(Records from a data collection)
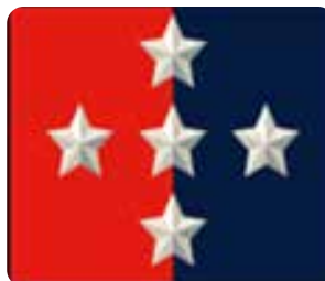
1st Military Police Brigade Military Formation
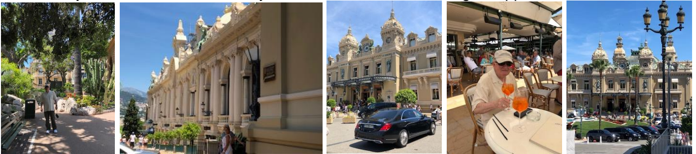
In the Gardens of Monte Carlo facing the casino.

The predicted heat was just beginning but with a bit of breeze and staying in the shade we just managed to survive. But how will we do in a couple days when it is 104°? To be seen. Wednesday we leave the Riviera to Lyon where the record heat might happen.
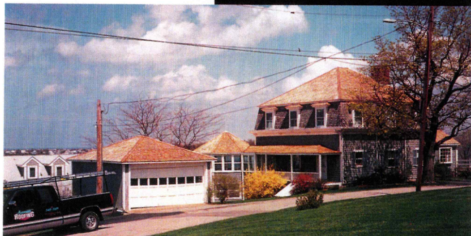
Red cedar re-roof Hingham, MA
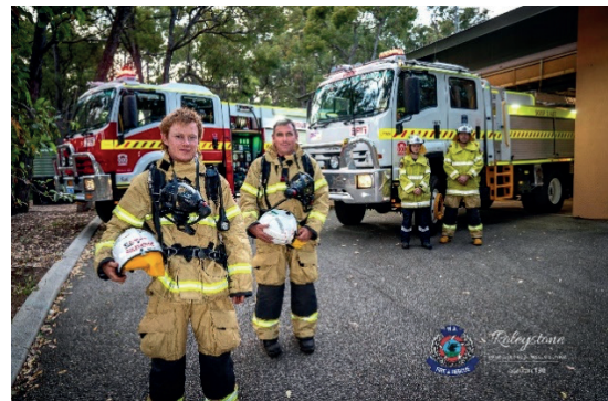
YANCHEP AND ROLEYSTONE VOLUNTEER FIRE AND RESCUE SERVICES
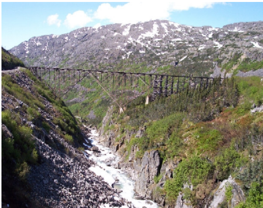
Steel cantilever bridge on WP & YR

Even with the lighter construction of 3 foot gauge the railroad became designated a Historic Civil Engineering Landmark, an honor shared with only 36 other sites in the world (including the Eiffel Tower, the Statue of Liberty and the Panama Canal). Construction workers battled temperatures as low as 60 below zero but managed to complete the line. In 1901 the railroad constructed the tallest cantilever bridge in the world which was used until 1969. In that year a new 675 foot tunnel allowed a line relocation and the bridge was abandoned. It is still visible from the right of way.
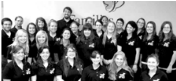
Families in Transition VISTA Program 2013

The Families in Transition VISTA Program is run by Families in Transition (FIT), a Manchester- and Concord-based homeless housing and services provider. Families in Transition partners with organizations across the state to provide work sites for VISTAs. It also recruits new VISTAs and offers supervision by hosting FIT VISTA monthly meetings, tracking VISTA progress, and offering general support throughout the VISTA service year.
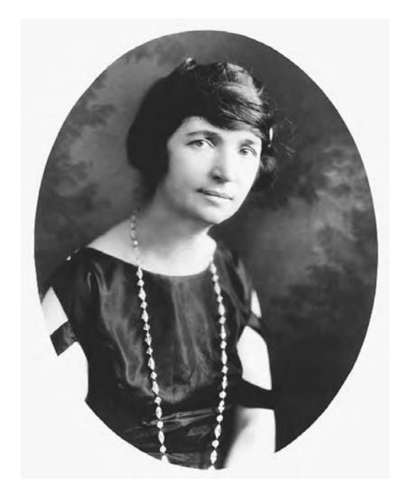
Margaret Sanger

The following spring found me still seeking and more determined than ever to find out something about contraception and its mysteries. Why was it so difficult to obtain information on
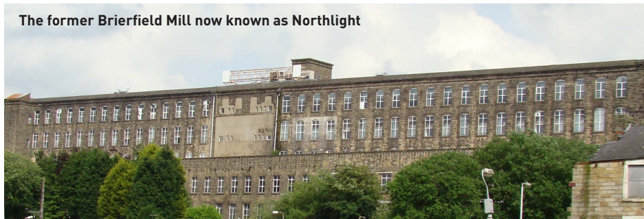
The former Brierfield Mill now known as Northlight

It's nearly two years since we adopted our Jobs and Growth Strategy. This update highlights our progress and sets out what we're planning over the next two years.
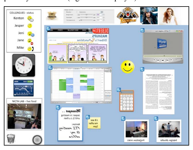
Figure 4. Example FrostWall - viewed from inside an office with some elements mirrored for readablity from corridor.

As an example of a customised widget for the project, we designed a status list for the activity of colleagues (e.g. out of office, do not disturb, on the phone, etc) to be put in the private (inwards facing) area of the display. Another widget shows a live video feed from a remote collaborator's lab. From the corridor-side colleagues can flip all elements placed in the publicly visible area of the display to face outwards for legibility. They can leave messages on the wall by writing with an electronic pen, typing on a virtual keyboard, or by sending an SMS from their mobile phone to a number specified on the display. Finally, they can browse the content displayed (e.g. the calendar) and operate the widgets set by the owner to be publicly interactive (e.g. the video player).
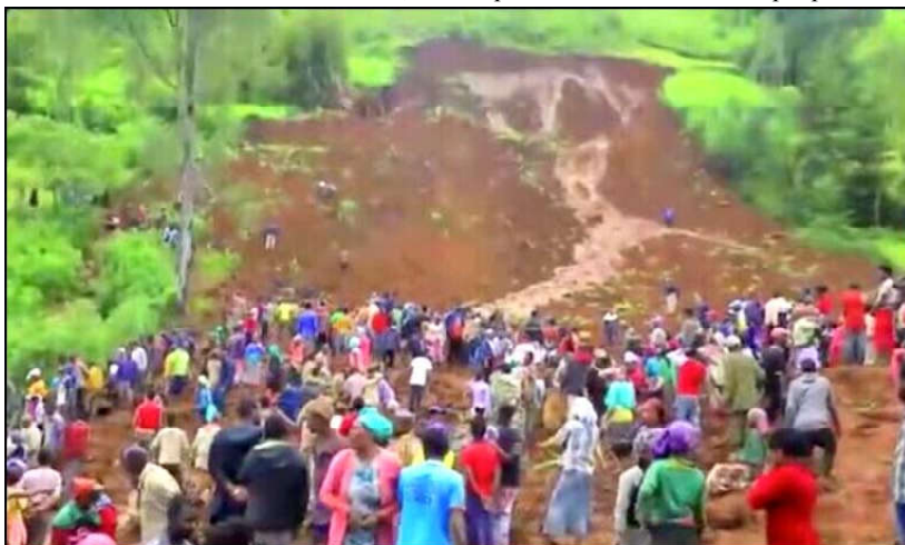
The aftermath of a landslide in Gofa zone in Southern Ethiopia regional state.

Less than 36 hours after Biden endorsed Harris, she secured the nomination on Monday night by winning the pledged support of a majority of the party's delegates who will determine the nomination, the campaign said.
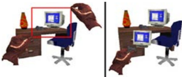
Figure 3: Framing the desired context: the phone and monitor are selected

Another possible rule is to consider semantic relationships, so that objects on a table would be added to the context, but a chair nearby would not. The current system implements semantic relationships through a parent-child hierarchy. When a doll is held in the left hand, the system recursively creates dolls for all the children of the reference object and adds them to the context.
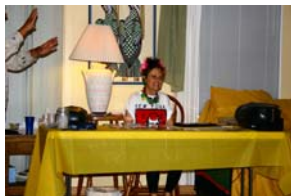
The DJ formerly known as Toy

More and Better Quality pictures of the party are on our website at www.bhiatx.org
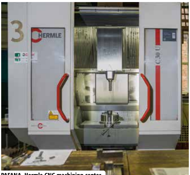
PAFANA, Hermle CNC machining center

"We give shape to the prosthesis using a subtracting machining," explains Andrzej Styczyński. "The second method, which will be used in thigh bone implants, is a laser treatment of surfaces that come into contact with the bone. The surface interfacing with the bone should be laser-modified to achieve better biocompatibility and osteosynthesis. We've already found a modification that gives the implant's surface the appropriate porosity, matched to the size of the bone's cells,
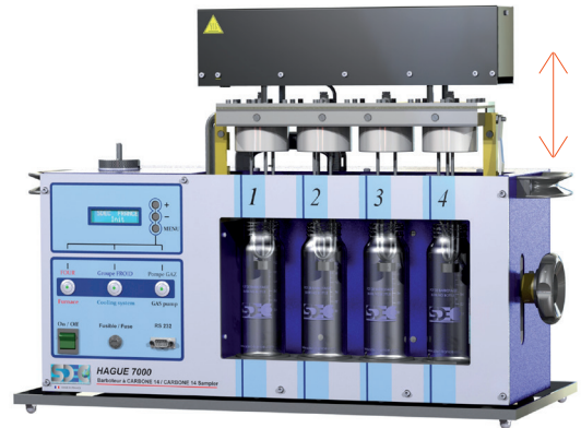
Dynamic opening cabinet of HAGUE 7000
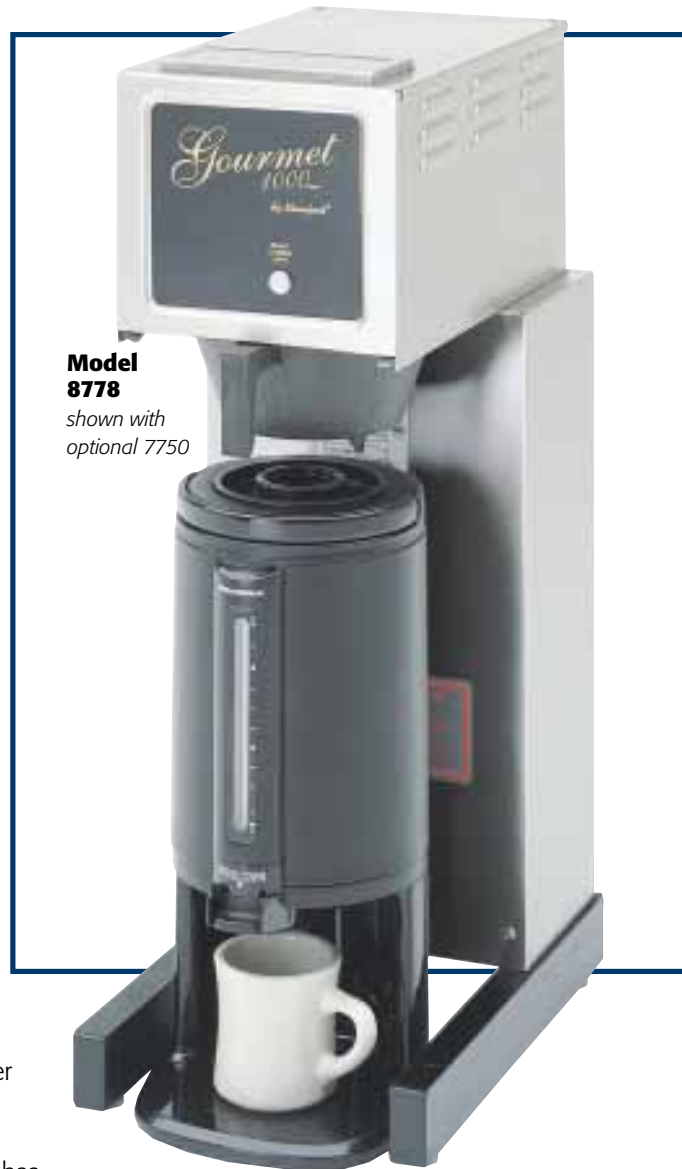
Model 8778 shown with optional 7750
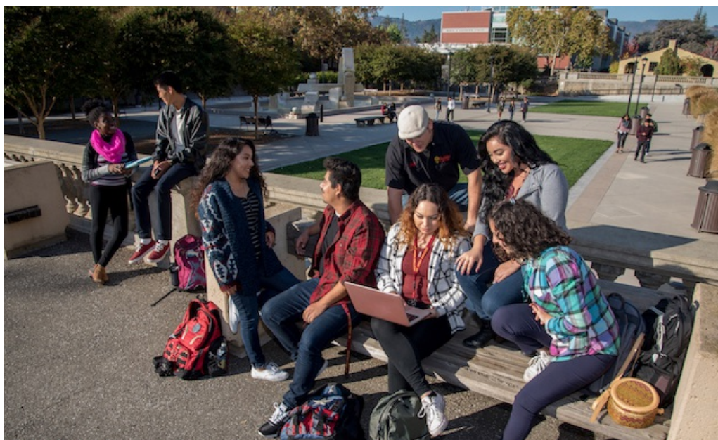
De Anza College Campus

Building on its tradition of excellence and innovation, De Anza College challenges students of every background to develop their intellect, character, and abilities; to achieve their educational goals; and to serve their community in a diverse and changing world.
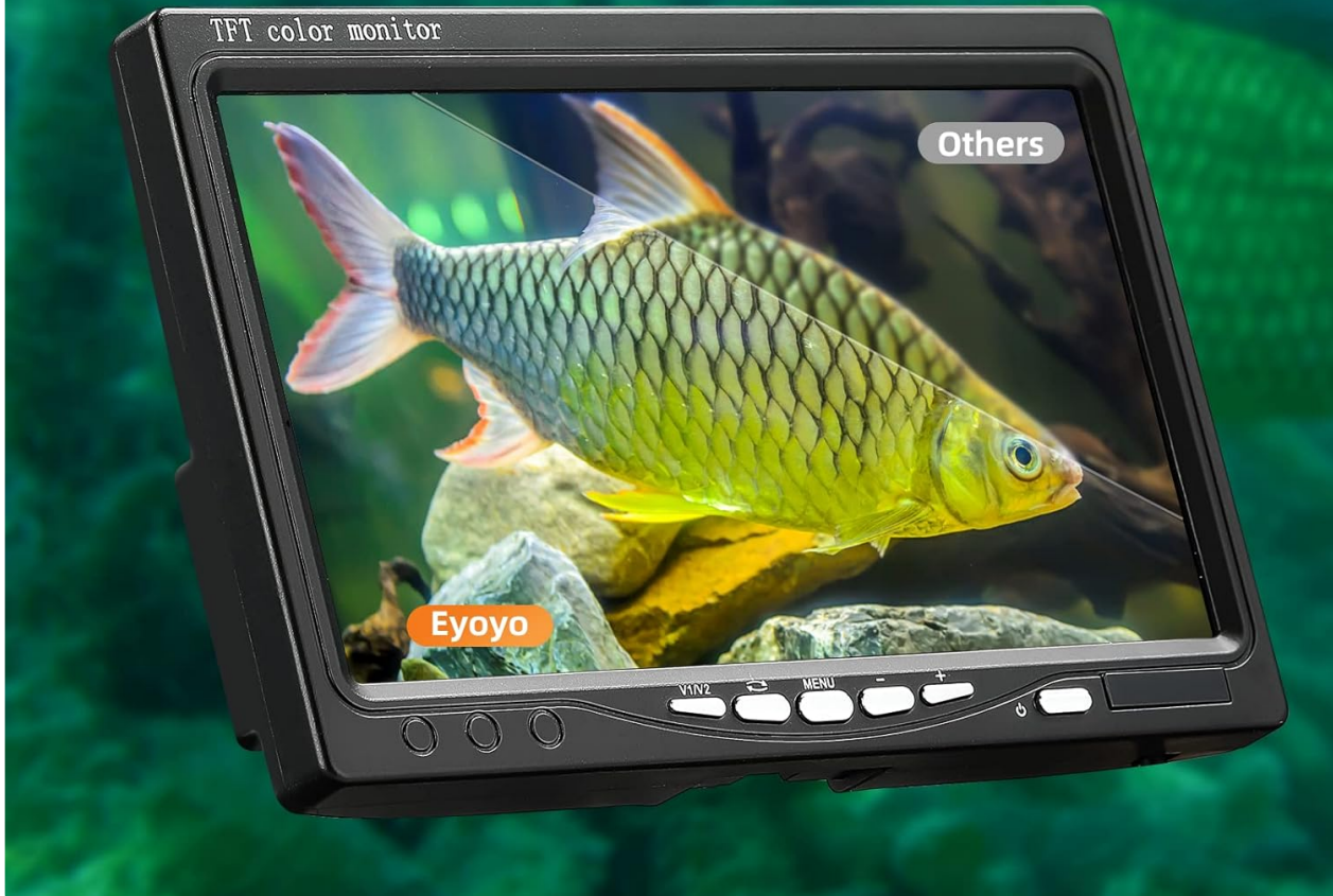
Figure 2: The 7-inch portable LCD monitor with key display features.

▸ **WORK INSTRUCTIONS**
Working through the records above, copy each line in which "their" is found.

▸ **ANSWER SPACE**
As an example of a customised widget for the project, we designed a status list for the activity of colleagues (e.g. out of office, do not disturb, on the phone, etc) to be put in the private (inwards facing) area of the display. Another widget shows a live video feed from a remote collaborator's lab. From the corridor-side colleagues can flip all elements placed in the publicly visible area of the display to face outwards for legibility. They can leave messages on the wall by writing with an electronic pen, typing on a virtual keyboard, or by sending an SMS from their mobile phone to a number specified on the display. Finally, they can browse the content displayed (e.g. the calendar) and operate the widgets set by the owner to be publicly interactive (e.g. the video player).
Building on its tradition of excellence and innovation, De Anza College challenges students of every background to develop their intellect, character, and abilities; to achieve their educational goals; and to serve their community in a diverse and changing world.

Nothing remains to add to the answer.